OCT imaging of macular cysts and treatment response with nepafenac in mucopolysaccharidosis type 1


YILMAZ ÇEBİ A., HEPOKUR M.

OPHTHALMIC GENETICS, vol.44, no.3, pp.273-275, 2023 (SCI-Expanded) identifier identifier identifier

  • Publication Type: Article / Article
  • Volume: 44 Issue: 3
  • Publication Date: 2023
  • Doi Number: 10.1080/13816810.2022.2103836
  • Journal Name: OPHTHALMIC GENETICS
  • Journal Indexes: Science Citation Index Expanded (SCI-EXPANDED), Scopus, Academic Search Premier, EMBASE, MEDLINE
  • Page Numbers: pp.273-275
  • Keywords: Mucopolysaccharidosis type I, Scheie phenotype, lysosomal storage disease, macular cyst, nepafenac, OPTICAL COHERENCE TOMOGRAPHY, EDEMA
  • Istanbul University Affiliated: No

Abstract

Purpose Mucopolysaccharidosis Type I (MPS I) is an autosomal recessive lysosomal storage disorder characterized by a defect in the enzyme alpha-L-iduronidase. Glycosaminoglycan accumulation causes ocular involvement such as corneal clouding or pigmentary retinopathy. Here we report bilateral macular cysts in mucopolysaccharidosis type I (MPS I) that responds to nepafenac treatment.

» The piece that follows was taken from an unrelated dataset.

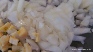 - Лука и чесъна ги обелвам и нарязвам на ситни кубчета.
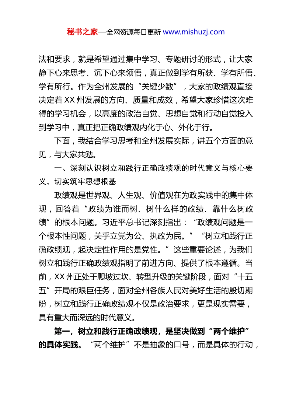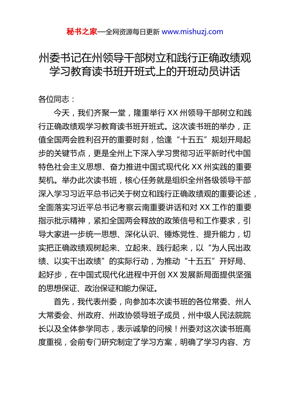 秘书之家—全网资源每日更新 www.mishuzj.com州委书记在州领导干部树立和践行正确政绩观学习教育读书班开班式上的开班动员讲话各位同志:今天,我们齐聚一堂,隆重举行 XX 州领导干部树立和践行正确政绩观学习教育读书班开班式。这次读书班的举办,正值全国两会胜利召开的重要时刻,恰逢“十五五”规划开局起步的关键节点,更是全州上下深入学习贯彻习近平新时代中国特色社会主义思想、奋力推进中国式现代化 XX 州实践的重要契机。举办此次读书班,核心任务就是组织全州各级领导干部深入学习习近平总书记关于树立和践行正确政绩观的重要论述,全面落实习近平总书记考察云南重要讲话和对 XX 工作的重要指示批示精神,紧扣全国两会释放的政策信号和工作要求,引导大家进一步统一思想、深化认识、锤炼党性、提升能力,切实把正确政绩观树起来、立起来、践行起来,以“为人民出政绩、以实干出政绩”的实际行动,为推动“十五五”开好局、起好步,在中国式现代化进程中开创 XX 发展新局面提供坚强的思想保证、政治保证和能力保证。首先,我代表州委,向参加本次读书班的各位常委、州人大常委会、州政府、州政协领导班子成员,州中级人民法院院长以及全体参学同志,表示诚挚的问候!州委对这次读书班高度重视,会前专门研究制定了学习方案,明确了学习内容、方秘书之家—全网资源每日更新 www.mishuzj.com法和要求,就是希望通过集中学习、专题研讨的形式,让大家静下心来思考、沉下心来领悟,真正做到学有所获、学有所悟、学有所行。作为全州发展的“关键少数”,大家的政绩观直接决定着 XX 州发展的方向、质量和成效,希望大家珍惜这次难得的学习机会,以高度的政治自觉、思想自觉和行动自觉投入到学习中,真正把正确政绩观内化于心、外化于行。下面,我结合学习思考和全州发展实际,讲五个方面的意见,与大家共勉。一、深刻认识树立和践行正确政绩观的时代意义与核心要义,切实筑牢思想根基政绩观是世界观、人生观、价值观在为政实践中的集中体现,回答着“政绩为谁而树、树什么样的政绩、靠什么树政绩”的根本问题。习近平总书记深刻指出:“政绩观问题是一个根本性问题,关乎立党为公、执政为民。”“树立和践行正确政绩观,起决定性作用的是党性。”这些重要论述,为我们树立和践行正确政绩观指明了前进方向、提供了根本遵循。当前,XX 州正处于爬坡过坎、转型升级的关键阶段,面对“十五五”开局的艰巨任务,面对全州各族人民对美好生活的殷切期盼,树立和践行正确政绩观不仅是政治要求,更是现实需要,具有重大而深远的时代意义。第一,树立和践行正确政绩观,是坚决做到“两个维护”的具体实践。“两个维护”不是抽象的口号,而是具体的行动,秘书之家—全网资源每日更新 www.mishuzj.com体现在每一项决策、每一次部署、每一份实绩中。习近平总书记关于正确政绩观的重要论述,是习近平新时代中国特色社会主义思想的重要组成部分,是我们做好一切工作的思想指南。全州各级领导干部树立和践行正确政绩观,就是要把学习贯彻总书记重要论述与考察云南重要讲话、对 XX 工作的重要指示批示精神结合起来,始终在思想上政治上行动上同以习近平同志为核心的党中央保持高度一致,始终做到党中央提倡的坚决响应、党中央决定的坚决执行、党中央禁止的坚决不做,确保XX 州的发展始终沿着总书记指引的方向前进。这既是政治纪律,也是政治规矩,更是检验我们政治判断力、政治领悟力、政治执行力的重要标尺。第二,树立和践行正确政绩观,是推动 XX 州高质量发展、奋进中国式现代化的迫切需要。“十五五”时期是我国全面建设社会主义现代化国家的关键时期,也是 XX 州补齐发展短板、厚植发展优势、实现高质量发展的黄金时期。当前,XX 州的发展既面临着全国两会释放的政策机遇、云南建设“三个定位”的战略机遇,也面临着产业结构不优、发展动能不足、民生短板突出、边疆治理任务繁重等现实挑战。解决这些问题,推动高质量发展,迫切需要我们树立正确的政绩观。如果政绩观出现偏差,搞急功近利、弄虚作假的“形象工程”“政绩工程”,不仅会贻误发展时机,还会给全州发展...

Methods Retrospective case report. Results A 27-year-old woman with MPS I (Scheie phenotype) was complaining of slightly blurred vision. She had been on alpha-L-iduronidase enzyme replacement therapy for ten years. Best-corrected visual acuity was 20/25 in both eyes. Biomicroscopy was normal. Dilated fundus examination revealed pigmentary retinopathy. Optical coherence tomography (OCT) detected macular cysts in inner and outer nuclear layers, with preservation of ellipsoid zone and IS/OS line. There was no dye leakage on fluorescein angiography. Macular cysts regressed partially after one month with topical nepafenac 0.1% four times a day. BCVA improved to 20/20 in both eyes. Conclusions This is the first report of bilateral macular cysts that was demonstrated with OCT and treated with topical nepafenac in a patient with MPS I. Because the symptoms of our patient were mild, large-scaled cohort studies are required to ascertain the real prevalence of macular cysts in MPS I. It may also be beneficial to do more research on the possible benefits of nepafenac on the retinal manifestations of MPS.